Différents modèles de formation des complexes mésappariement-MutSα-MutLα et de la signalisation subséquente pour la réparation ont été proposés. L’un d’eux suggère que MutSα et MutLα forment une pince coulissante qui diffuse le long de l’ADN jusqu’à son interaction avec le signal de discrimination du brin. Un autre établit une capture de MutSα à proximité du mésappariement par MutLα et une polymérisation de MutLα induite par MutSα (Hombauer et al., 2011; Modrich, 2006). Concernant le retrait du mésappariement, trois mécanismes sont évoqués. Le premier correspond à l’excision de 5’ en 3’ par EXO1, où MutSα piège le domaine C-terminal d’EXOI, ce qui supprime l’action auto-inhibitrice de son site catalytique, permettant l’excision du brin de 5’ en 3’ jusqu’au niveau du mésappariement. Le deuxième implique également des extrémités d’ADN 5’, mais le retrait du mésappariement repose sur une synthèse d’ADN par les polymérases Polδ ou ε, par déplacement de brin. Enfin, la troisième possibilité est une excision du mésappariement de 3’ en 5’ grâce à l’activité exonucléasique de Polδ et ε (Kadyrova and Kadyrov, 2016).

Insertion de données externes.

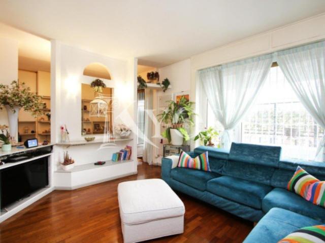 Gli affacci sono particolarmente silenziosi e soleggiati grazie alla tripla esposizione verso Est, Ovest e Sud, mentre il grande terrazzo di circa 60 mq, distribuito su due lati, offre uno spazio esterno di rara esclusività, perfettamente sfruttabile grazie alle quattro aperture. Il layout regolare dell'immobile garantisce inoltre ampie possibilità di personalizzazione degli spazi interni.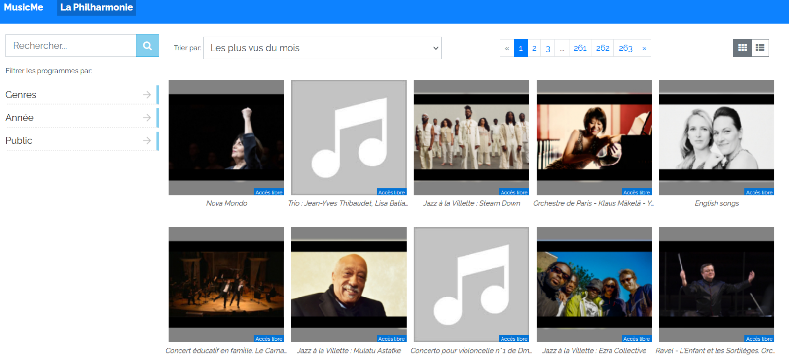 Avec La Philharmonie à la demande, vous avez accès à des concerts filmés, 150 guides d'écoute multimédias, 360 documentaires, 300 rencontres et conférences, portraits des musiciens, œuvres musicales, dossiers d’expositions… Proposés par La Philharmonie de Paris.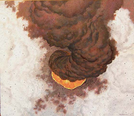 The illustration represents an aerial view of an eruption of a relatively minor vent, looking straight downward into the vent The eruption is of both dust (the rising black column) and of steam (the white clouds) The black specks throughout the illustration represent sparse particles of dust, ash and volcanic hailstones, seen close up

Le système MMR est impliqué dans d’autres voies du métabolisme de l’ADN, comme la recombinaison mitotique et méiotique. Cette dernière implique principalement MutLγ (MLH1-MLH3) qui semble fonctionner avec le complexe MSH4-MSH5 (Lipkin et al., 2002). Les protéines MMR sont fortement impliquées dans la recombinaison homologue (HR) et la jonction des extrémités non homologues (NHEJ). La recombinaison homologue apparie les chromosomes homologues avant la méiose, ce qui assure la diversité génétique de la reproduction sexuée. Elle est initiée au cours de la méiose par de nombreuses cassures double brin programmées. De l’échange de brins qu’elle entraîne résultent des hétéroduplexes d’ADN qui présentent des nucléotides mésappariés, dus aux différences des séquences

chromosomales parentales. Le système MMR assure la prise en charge de ces mésappariements, ce qui conduit à l’échange non réciproque de l’information génétique (ou conversion génique). Le MMR supprime la recombinaison homologue lorsque l’ADN hétéroduplexe formé contient un excès de bases mésappariées. Cette régulation assure la précision de la réparation des cassures double brin et contribue au maintien des barrières interespèces de la reproduction sexuée (Spies and Fishel, 2015).